The Thought Cabinet allows Harry to be defined by his internal identity, be it ideology or personality or memories. Traditional skill systems define characters by their competencies or lack thereof, and thus do not allow the creation of vivid characters with rich identities and histories. Some role-playing games, e.g. Wasteland 2, provide a blank text field where players are invited to write a backstory, but this backstory is merely ‘flavour text’ and ignored by the game and its systems. Disco Elysium avoids this trap. The Thought Cabinet systemizes personality, memories and ideology. Your character in Disco Elysium can thus have a richly defined identity, which is acknowledged by the game and which has consequences for Harry’s journey through the world.

These two systems, the Thought Cabinet and the stream of consciousness, form a cognitive loop within Disco Elysium. As Harry encounters situations in the world, his stream of consciousness responds. This response shapes the player’s perspective of the world, and they make dialogue choices based on their perspective. Based on these dialogue choices, thoughts are formed and added to the Thought Cabinet. Contemplating on these thoughts forms Harry’s identity, which then again shapes his perspective of the world, and his stream of consciousness by extension. Through this loop, Harry becomes more well-defined as a character over time.
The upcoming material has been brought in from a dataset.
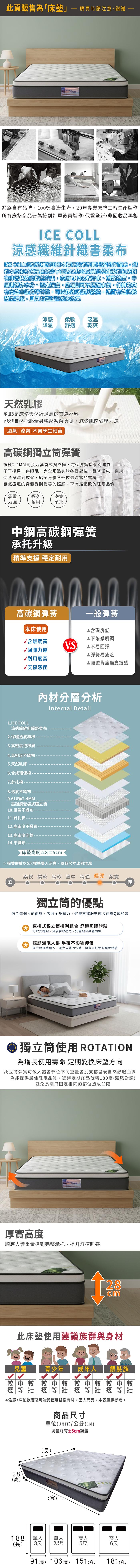 艾瑞乳膠涼感厚針織加高硬式獨立筒床墊-單大3.5尺

However, it is important to note that this cognitive loop does not exist independently of the player’s interactions. Disco Elysium gives us ‘subjective access’ to Harry by revealing his ‘internal states’ (Smith, 2010) but like many other narrative works, players are expected to make moral judgements of the world and its characters – a process referred to as ‘allegiance’ (Smith, 2010). Disco Elysium does not force Harry to adopt any beliefs or identities that the player does not want him to. Thoughts are never automatically formed from the stream of consciousness. Explicit player choice is required. Even when a thought is formed, the player has a choice to reject the thought. In Disco Elysium, you are not defined entirely by your past actions. You always have a choice. Even if the state of the world and your own instincts tempts you towards certain viewpoints, there is always the ability to choose to believe differently. We see the ideas and perspectives through Harry’s internal mind, but we as players, with our own identities, form our allegiances to specific perspectives. We are then given the freedom to realign Harry to reflect our allegiances – to reflect us.

In conclusion, Disco Elysium systemizes thinking, whether it is conscious cognition or instincts and intuition. This systemizing, embodied by the stream of consciousness and the Thought Cabinet, allow our player character Harry to be defined in a concrete manner. He has a history, an ideology and a personality, all of which have meaningful systemic and narrative consequences throughout the game. But Disco Elysium is a roleplaying game. We inhabit the role of Harry. Through play we engage in a dialogue with his mind and decide who Harry is and who he becomes based on our own perspectives and ideology. Thus, Disco Elysium is not just about understanding Harry. It is about understanding ourselves.

Footnotes

1 – Inland Empire indicates an aptitude for imagining the personality of inanimate objects like corpses, allowing Harry to have imaginary conversations with said objects

2 – The corpse investigation is an example of hub and spoke conversations. The player is presented with different parts of the corpse to inspect, with each part acting as a spoke. Attempting to detach the corpse from the tree is itself a spoke within the conversation.

Bibliography

ZA/UM (2019). Disco Elysium [Computer video game]. Estonia: ZA/UM.

Ellison, Brent. “Defining Dialogue Systems” Gamasutra, 2008

Marshall, Cass. “You can’t change the world in Disco Elysium – and that’s why it’s great”. Polygon. 2019

Trinh, Stephen. “Why I Love: The Interjections [Disco Elysium]” Gamasutra, 2020

Smith, G. (2010). What media classes really want to discuss: a student guide. Routledge.

 [GameSpot]. (2020, Jan 12). The Feature That Almost Sank Disco Elysium | Audio Logs [Video File].

              Retrieved from https://www.youtube.com/watch?v=9X0-W5erEXw

Disco Elysium Wiki. (2019, November 16). Skills.